Return all entries word for word, but drop any images.

(Stored data entries)
__________________________________________________

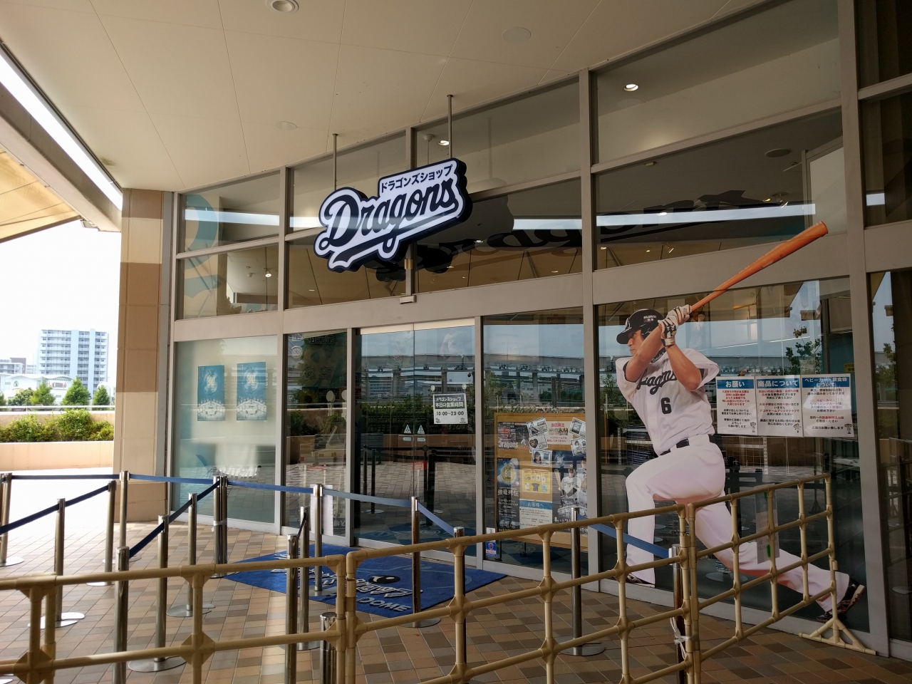 「ドラゴンズショップ」がイオンナゴヤドーム前ショッピングセンター内にあり、近くにナゴヤドームがあった。前にソフトバンクホークスのオフィシャルショップ行っており、規模の違いに驚いた。女性ファンを増やせばグッズが増え盛り上がるのだが。中日ドラゴンズ、ドアラグッズが豊富だった。
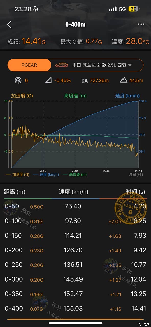 轮胎我把235/55r19换成了235/60r19,轮胎直径变大,测试成绩会比55扁平比轮胎要慢一些
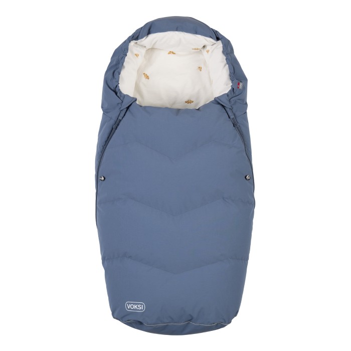 Överdelen är fylld med finaste dun som värmer ordentligt och går lätt att plocka bort vårvinterdagar när solen värmer. När kylan kommer igen dras den enkelt fast med en dragkedja.
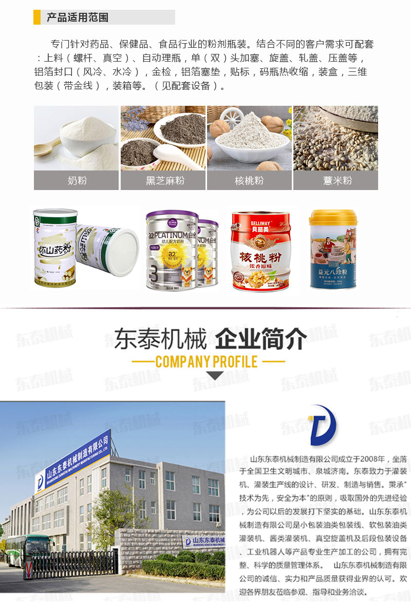 全自動(dòng)粉劑灌裝機(jī)適用范圍
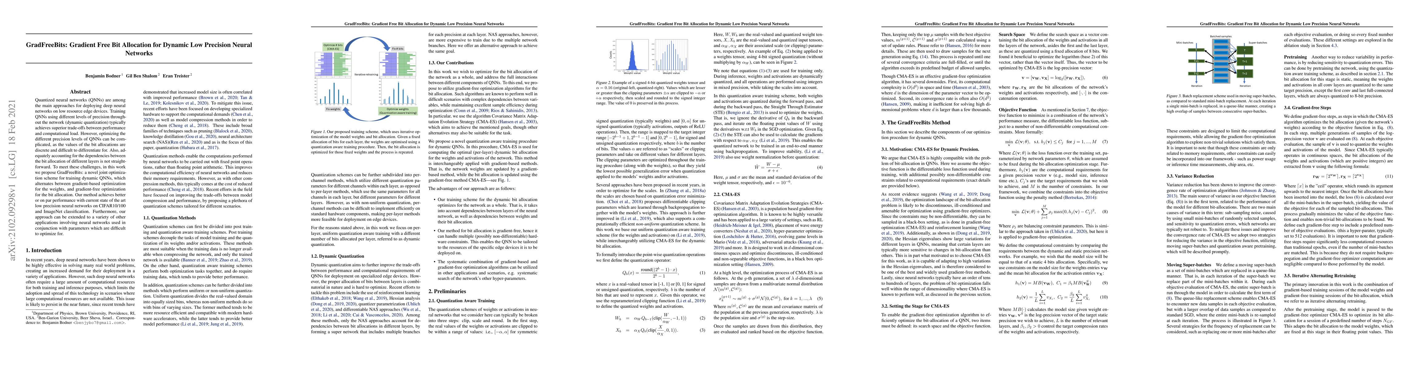 GradFreeBits combines gradient-based quantization-aware training for weights with gradient-free optimization for bit allocation, based on CMA-ES, to optimize dynamic QNNs.
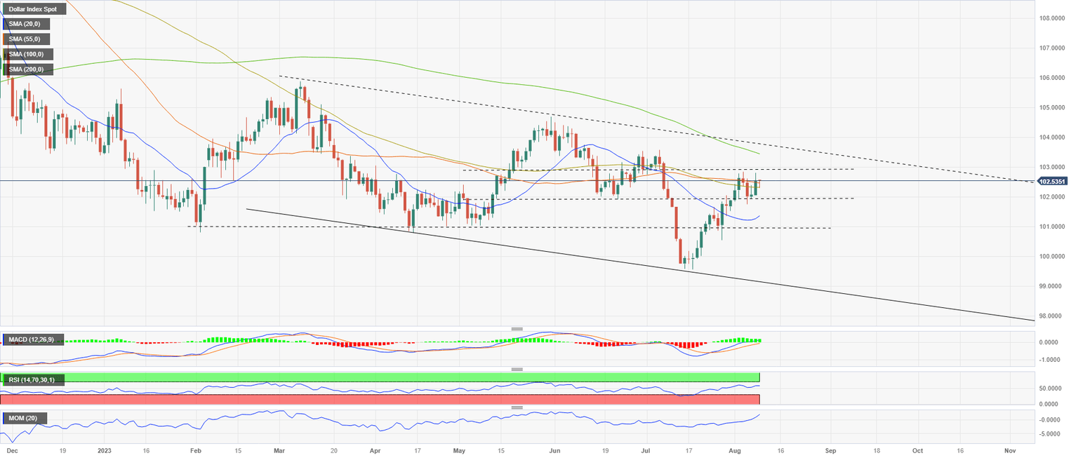 During the upward move, the DXY encountered resistance below the 103.00 area and around the 55-day and 100-day Simple Moving Averages (SMAs). If the DXY manages to break above this resistance, it would likely continue its ascent and test the 200-day SMA at 103.45, followed by the upper trendline of the downward channel at 103.75.
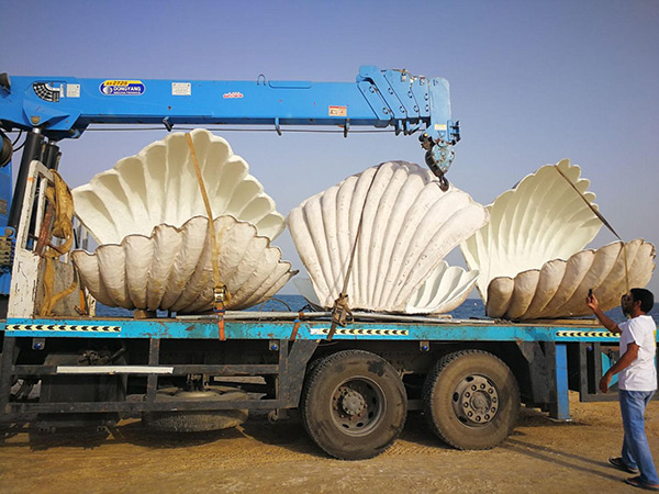 وأوضح القديحي لـ ”جهينة الاخبارية“ أن المجسمات الثمانية عبارة عن 5 محّارات، و3 معالم خليجية هي برج المملكة وبرج خليفة وأبراج الكويت.
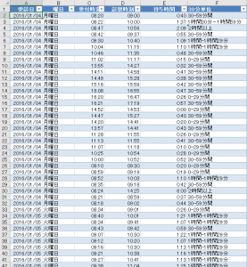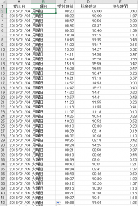 日付と受付時刻と診察時刻しかないデータをどうやって統計を出すんだろう。まずは開いて考えてみなきゃ。

__________________________________________________

- [ANSWER BOX]
 「ドラゴンズショップ」がイオンナゴヤドーム前ショッピングセンター内にあり、近くにナゴヤドームがあった。前にソフトバンクホークスのオフィシャルショップ行っており、規模の違いに驚いた。女性ファンを増やせばグッズが増え盛り上がるのだが。中日ドラゴンズ、ドアラグッズが豊富だった。
 轮胎我把235/55r19换成了235/60r19,轮胎直径变大,测试成绩会比55扁平比轮胎要慢一些
 Överdelen är fylld med finaste dun som värmer ordentligt och går lätt att plocka bort vårvinterdagar när solen värmer. När kylan kommer igen dras den enkelt fast med en dragkedja.
 全自動(dòng)粉劑灌裝機(jī)適用范圍
 GradFreeBits combines gradient-based quantization-aware training for weights with gradient-free optimization for bit allocation, based on CMA-ES, to optimize dynamic QNNs.
 During the upward move, the DXY encountered resistance below the 103.00 area and around the 55-day and 100-day Simple Moving Averages (SMAs). If the DXY manages to break above this resistance, it would likely continue its ascent and test the 200-day SMA at 103.45, followed by the upper trendline of the downward channel at 103.75.
 وأوضح القديحي لـ ”جهينة الاخبارية“ أن المجسمات الثمانية عبارة عن 5 محّارات، و3 معالم خليجية هي برج المملكة وبرج خليفة وأبراج الكويت.
 日付と受付時刻と診察時刻しかないデータをどうやって統計を出すんだろう。まずは開いて考えてみなきゃ。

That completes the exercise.